My personal favourite is the queen gambit( I don't use it as a real gambit): a more positional opening than the very tactical king's gambit. And I think the king's gambit is not very sound due to the fischer defence which seems very nice for black.
Queen's gambit absolutely
thank you very much :D
These two openings don't even have any remote similarities. The QG isn't quite a gambit and it leads to fairly solid positions. The wildest you can get in the QG is in the Semi-Slav Botvinnik as well as the Semi-Slav Anti Moscow.
The KG on the other hand is very tactical and wild. Very risky too, especially if black knows how to defend well.
Naturally as I play it, my vote goes for the QG. But it is played very often for a reason: Its good.
it is so rare to see QGA that its not much of a gambit anymore.
ok, i should play the QG more than...
Eric_C, isn't the main line 2...dxc4 3.e3 c5 Bxc4? I hardly see 3.e4 nowadays.
The main line is 3 Nf3 guys, and I don't think black holds the pawn even if he tries as hard as he can. Of course, there are numerous true gambit lines branching off of the QG if that's what white wants, but he certainly doesn't have to play it that way.
However, to whoever said the QGA isn't seen nowadays, that's completely false. I too used to think that ...dxc4 had little point if he doesn't even keep the pawn, but it's a completely viable opening. Black just improves his position while white regains the pawn, has ...c5 coming soon, and can develop his pieces more actively than in most QG's. White has more possibilities in the center, but it's an equal trade for black's solid structure and good development.
But there is TONS of counter's against QG!!! i think more than KG!!! but usually playing the KG it leaves it easily check mated while black can devolope castle...
White..i think...if he plays d4...i guess
3. e4 may not be the main line, but it should be. From my own experiences on ICCF, 3. e4 is white's best shot at a tactical win against the QGA.
That doesn't mean it should be main line. Also 3 e4 is a little less popular than the other moves.
Sure white can make it a real gambit with 3. e4 but I prefer the main line 3. Nf3. In this line, if black tries to hang on to that pawn, his position gets horrible and white eventually wins the pawn back:
It's just a matter of preference. I like both lines, as the e4 line often gives white great positional compensation and a nice initiative, but the quiet Nf3 lines are more consistent with my tastes, less "do or die".
if QG not accepted... it is not a gambit... but a trap... or just an opening :p
Back to the original poster-
King's Gambit and Queen's Gambit are night and day different. The King's gambit is a holdover from the romantic age of 19th century chess. It seeks to open the position immediately and start a vicious attack on the king side. The gambit is often followed up by additional material sacrifice to maintain the attack. Its an all or nothing, get a mate in the middle game or die trying system. Today the King's Gambit is rarely seen in grandmaster play.
The queen's gambit is the other end of the spectrum. Black often declines the gambit pawn with a variety of systems, or if it is accepted the pawn is returned in exchange for development and activity.

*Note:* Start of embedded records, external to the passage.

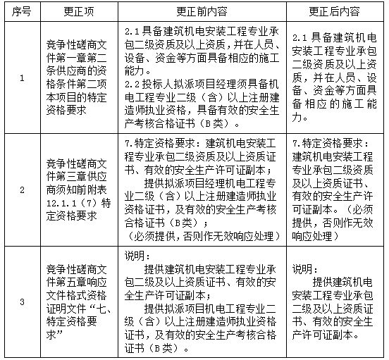 更正事項(xiàng):競爭性磋商文件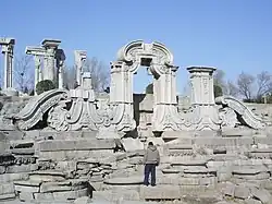 With the Qing army devastated, the Xianfeng Emperor fled the capital and left behind his brother, Prince Gong, to take charge of peace negotiations. Xianfeng first fled to the Chengde Summer Palace and then to Rehe Province.[37] Anglo-French troops began looting the Summer Palace[38] (Yiheyuan) and Old Summer Palace (Yuanmingyuan) immediately (as they were full of valuable artwork).[39]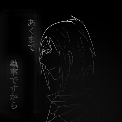 たぶん今日中にもっかい更新すると思います。昨日インターネット繋がらなくて二枚落書き描いたのでうpしときます。Dグレ(ミニマム(ラビ彦もやし加藤笑(妹に「最悪」って言われた絵)と黒執事(モノクロ(セバス(全然似てなくて困る)。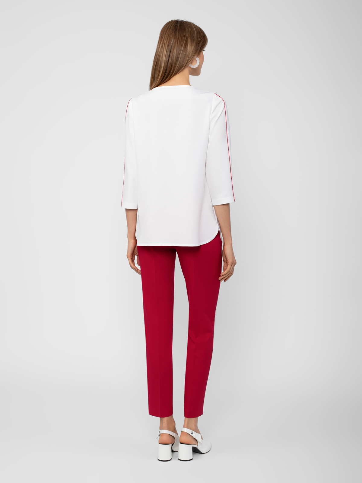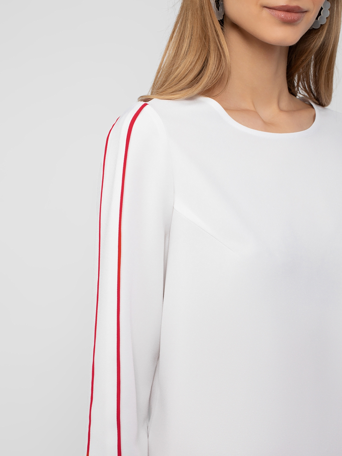 Блуза прямого силуэта с круглой горловиной и укороченным втачным рукавом. На рукавах контрастные декоративные лампасы.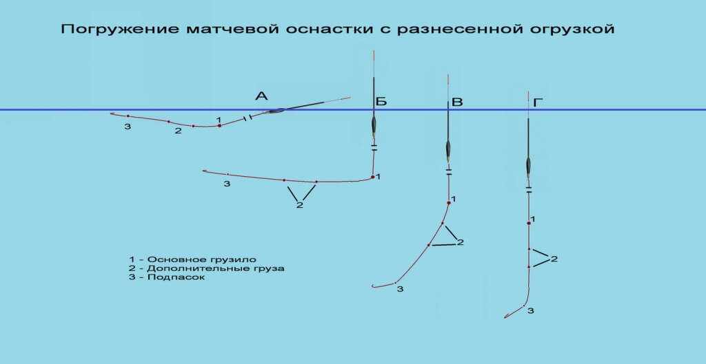 - На основной леске вплотную к поплавку устанавливаются 2-3 крупные дробинки. Общий вес этих утяжелений с телом поплавка должен составлять 80-85% массы грузил.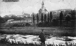 1908 postcard by Melchior Ruoff with a view of Degmarn, in which a fictitious passenger train was drawn in anticipation of the railway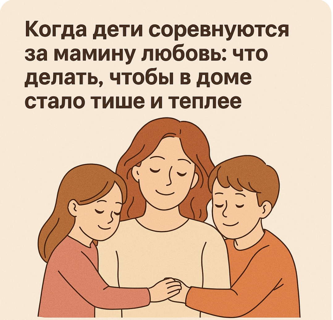 Когда дети «делят» маму: как вернуть в дом спокойствие и тепло❤️ Мамина любовь — как солнце. Её хватит на всех. Но дети об этом не всегда знают. Поэтому, когда в семье несколько детей, бывает, что начинается борьба за внимание мамы: ссоры, ревность, обиды. И за этим часто стоит простой (и очень понятный) детский страх: «А вдруг мама любит его больше, чем меня?..» Важно помнить: ревность — это не «плохое поведение» и не испорченность. Это внутреннее беспокойство. Задача мамы — помочь каждому ребёнку почувствовать себя нужным и любимым. Тогда уходит тревога, а вместе с ней — и ревность. Вот несколько рабочих шагов, которые могут помочь: 🫶Не сравнивайте детей — даже мысленно Даже если сказать с добром: «Вот Лиза быстрее убралась», — один из детей всё равно почувствует себя хуже. Вместо этого лучше отметить каждого по отдельности: «Спасибо, что помог. Я это правда заметила и оценила». 🫶Личное время с каждым ребёнком Даже 10–15 минут в день, когда вы полностью «в нём» — это бесценно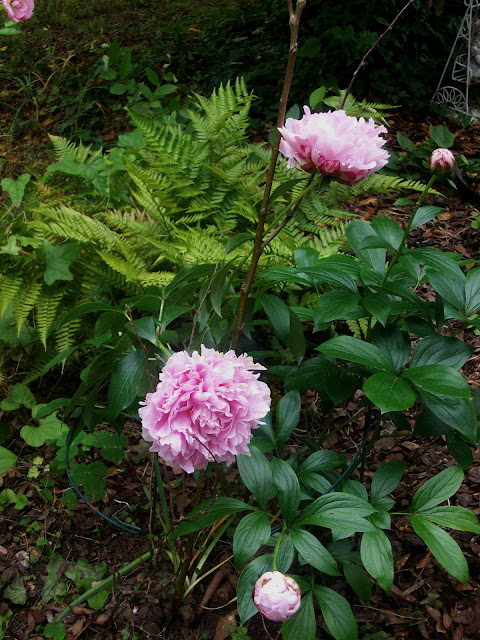Peonies in blue mason jars and found it quite charming, a casual setting for my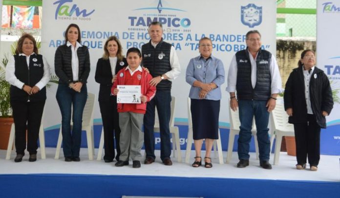 En la escuela primaria Ignacio Manuel Altamirano de la zona centro, el Presidente municipal Chucho Nader, acompañado de su esposa, la Presidenta del sistema DIF Tampico, Aida Feres Nader encabezó la ceremonia de honores a los símbolos patrios y el arranque del programa «Tampico Brilla» en las instituciones educativas.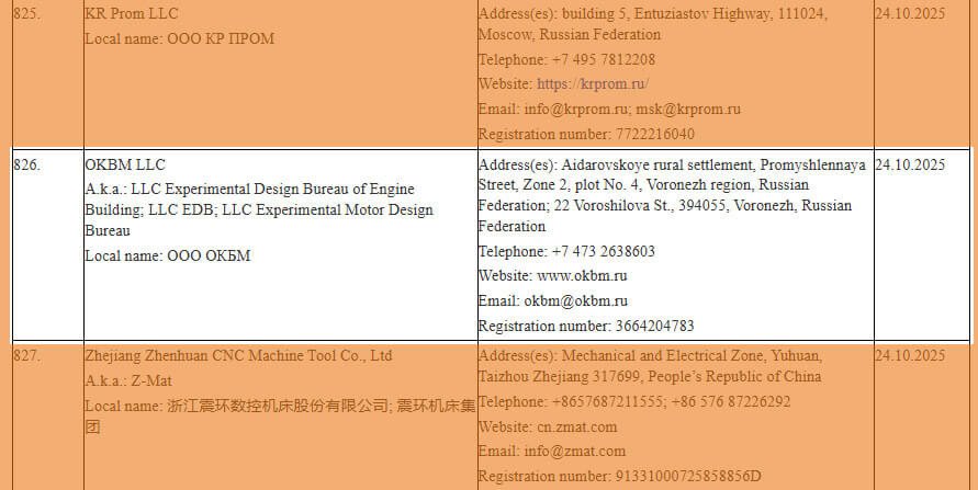El 23 de octubre de 2025, OKBM fue incluida oficialmente en el 19.º paquete de sanciones de la Unión Europea, tras comprobarse que la empresa desempeña un papel clave en la producción de armamento ruso y depende de herramientas importadas de alta precisión.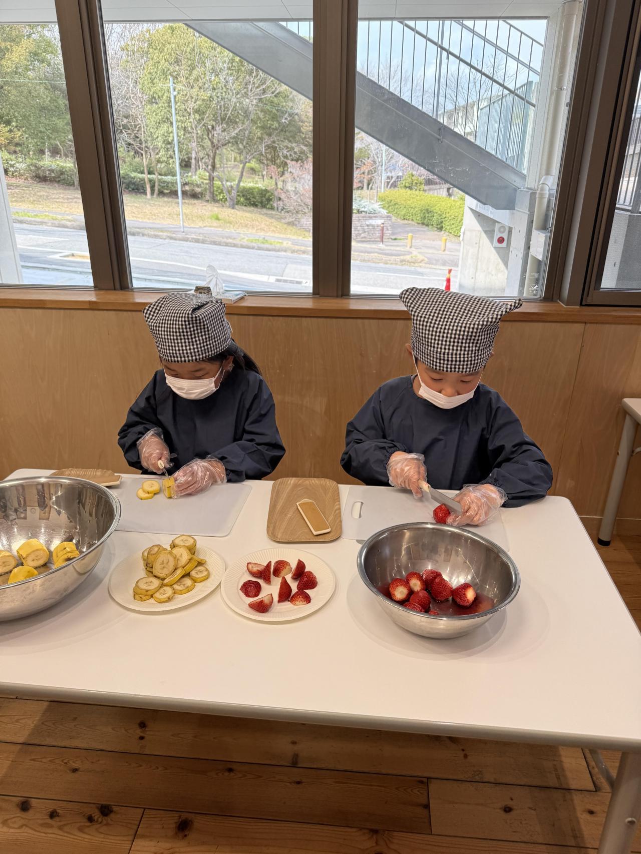 手袋をつけて切ったり、トッピングしたいものを紙皿に集めたりしました!

Rather than a wild tactical slug fest the game is often more positional. Often the white attack comes in the form of queen side pressure or a minority pawn attack. Unlike the King's Gambit, the Queen's Gambit is played frequently at the highest levels. All 12 games in the recent World Championship between Topalov and Anand began with 1d4. Not all strickly speaking were gambits, but d4 and an early c4 are major elements of grandmaster play.
Actually, the QGA is pretty sound and its not like its a trap accepting it.
I am sure Boris Spassky would be interested to hear how bad the KG is.
I start all of my students (very inexperienced kids at a summer program) out on the KG because it forces a lot of tactical decisions early. The KG is rock solid up to the expert- early master level.
Chess.com database shows it dead even for white in master games, chess365 database shows the KG with a solid edge.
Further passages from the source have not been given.